화학공학소재연구정보센터
Macromolecules, Vol.28, No.6, 1990-1998, 1995
Dynamics of Compressed Polymer Layers Adsorbed on Solid-Surfaces
The viscoelastic properties of thin polymer films confined between a sphere and a plane are investigated by use of a surface force apparatus designed as a rheometer operating at the molecular scale. Axial oscillatory motions yield a shear field from which a complex elastic modulus of the confined fluid can be deduced. As the sphere-plane distance is decreased, the fluid made of two adsorbed polymer layers and the free solution exhibits a liquid-solidlike transition at distance h(c). The measured complex modulus can be split into an elastic modulus G(c) accounting for the compression of the adsorbed chains and a complex shear modulus G(H)*(omega) expressing the draining process at the interface. The elastic modulus G(c) is directly connected to the gradient of static repulsive forces, and a compression modulus E(N) Of the adsorbed overlapping layers can be deduced from G(c).
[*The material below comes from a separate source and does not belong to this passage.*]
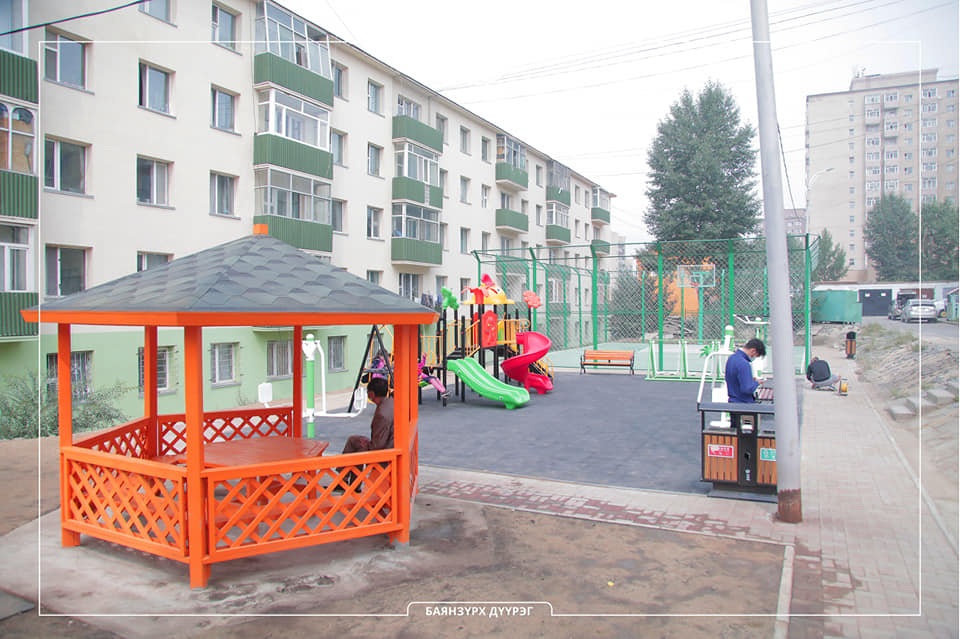 Баянзүрх дүүргийн 1 дүгээр хороо 18 дугаар байрны урд талд хийгдэж буй хүүхдийн тоглоомын талбайн тохижилтын ажлын гүйцэтгэл 99 хувьтай үргэлжилж байна. Өмнө нь авто зогсоол хэлбэрээр ашиглагдаж байсан газрыг тохижуулж, иргэд амарч зугаалах боломжтой орчныг бий болгожээ.

The flow term G(H)*(omega) is discussed in terms of viscoelastic parameters (zero-shear viscosity eta(0), average relaxation time tau(0)) as a function of sphere-plane distance h. For moderately compressed layers, a correlation length xi can be defined either from the compression modulus E(N) or from the zero-shear viscosity eta 0. Both lengths scale as (h(c) - h)(-49).